Heartbeat started with the audio dropping to the sound of Sunny Hitt's amplified heart thumping through the hall.  She was all in red, projecting form, posture and motion well, a somatic language which told a story of the heart.  Sunny is a good storyteller.  Janney read an anatomical description of the heart that had an eerie resonance set against the sound of the pumping heart. Bill began with high harmonic noises that you'd never expect from a bass while Trilok played ambiently through the water percussion mics.  The second movement of Heartbeat featured a collage of vocalizing and counting starting with a whisper and gradually crescendoing.  The vocals were led by Dave Revels and Lynn Mabry, he sang with the Persuasions, she sang with Sly Stone, two of the finest singers I've ever worked with and sounding as sweet as ever tonight.  Sheila E. joined them on vocals and the three part harmonies they gave had a surrealistically perfect Motown sound.  I had never heard it live that good before.  Janney and Ryan Edwards also were singing and counting, nicely fleshing out the vocal ensemble.

Heartbeat made the implicit explicit.  Normally you don't hear and aren't aware of the sound the heart makes pumping life sustaining blood and oxygen to the brain and nervous system.  Even less do we consider the musicality of that sound.  The hidden music of the heart always playing in our body.

As above, so below,  a primary axiom of magic attributed to the quasi-mythical Egyptian teacher Hermes Trismegistus means that you can make a model of something in the microcosm that has sympathetic resonance with the macrocosm.  In the microcosm of the Gramercy Theater, Sunny Hitt's heartbeat pumped life into the music of that chamber, it was the driving force.  By the principle of As below, so above the same would have occurred in the macrocosm.  The planet survived another night without going up in flames.  Despite high emotions, all the protests of the Ferguson verdict throughout the country stayed peaceful. 

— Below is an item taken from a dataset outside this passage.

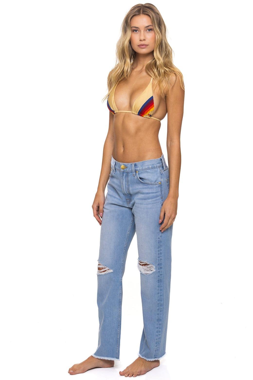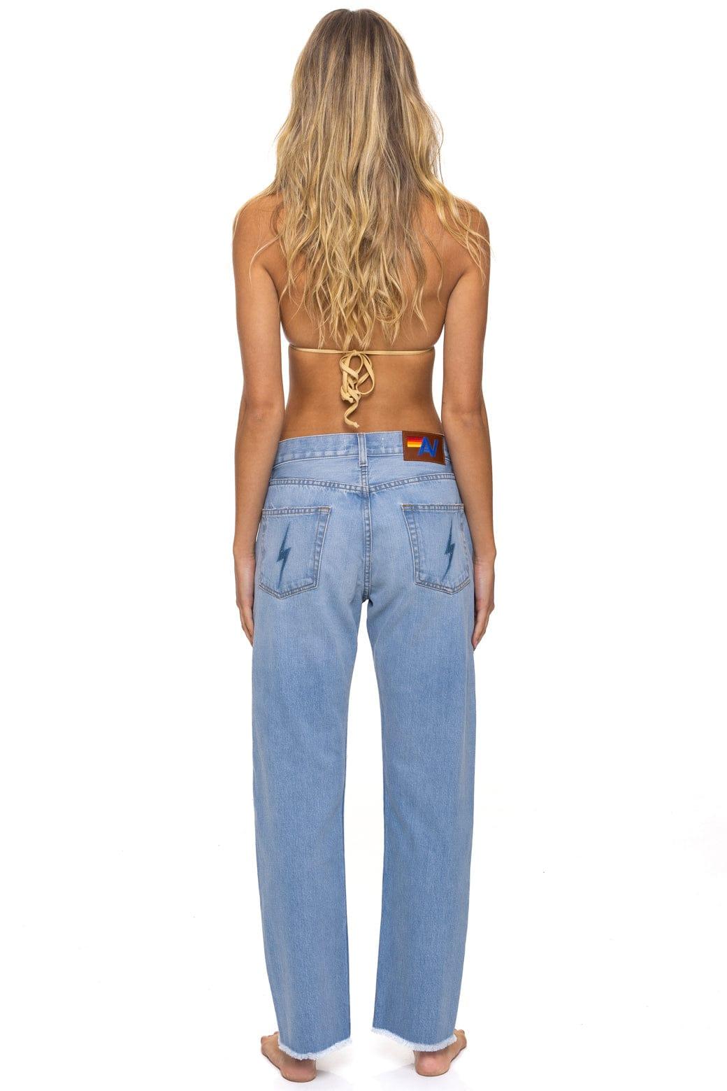 This is the perfect relaxed straight leg fit with a mid rise and ankle-length inseam. Cut from superior soft semi-rigid denim with added laundering to give that perfect broken in feel with fading, ripped knees, and distressed details. Special laundered wash process to give it our personal vintage feel. - 100% Organic Cotton Denim - Handmade in LA with imported materials -Model is wearing a size 25 Measurements: Front Rise - 11 3/4 inches Inseam - 28 inches Leg Opening - 16 1/2 inches

Heartbeat concluded the first part of the show.  Everyone stepped out and took a bow.  The audience gave them a standing ovation.  Emotions ran high here too, but of a far different, transcendental nature.  Next up was DJ Adam Gibbons and his world music dance beats.  People began dancing.  The lighting crew had a blast letting loose with their rig following the DJs beat.

The end finale stayed at the plateau reached by Heartbeat and went up from there.  I already mentioned the percussion solo that reintroduced the live musicians.  That was followed by Bill soloing on his fretless bass while Janney projected a kaleidoscope of Laswell images as if to portray the multidimensional aspects of Being.  Everyone else joined in, horns, singers, keys, Logic, Ryan Edwards now on djembe, everyone listening to each other, sounding cohesive and exuberant with life.  They found the hidden music.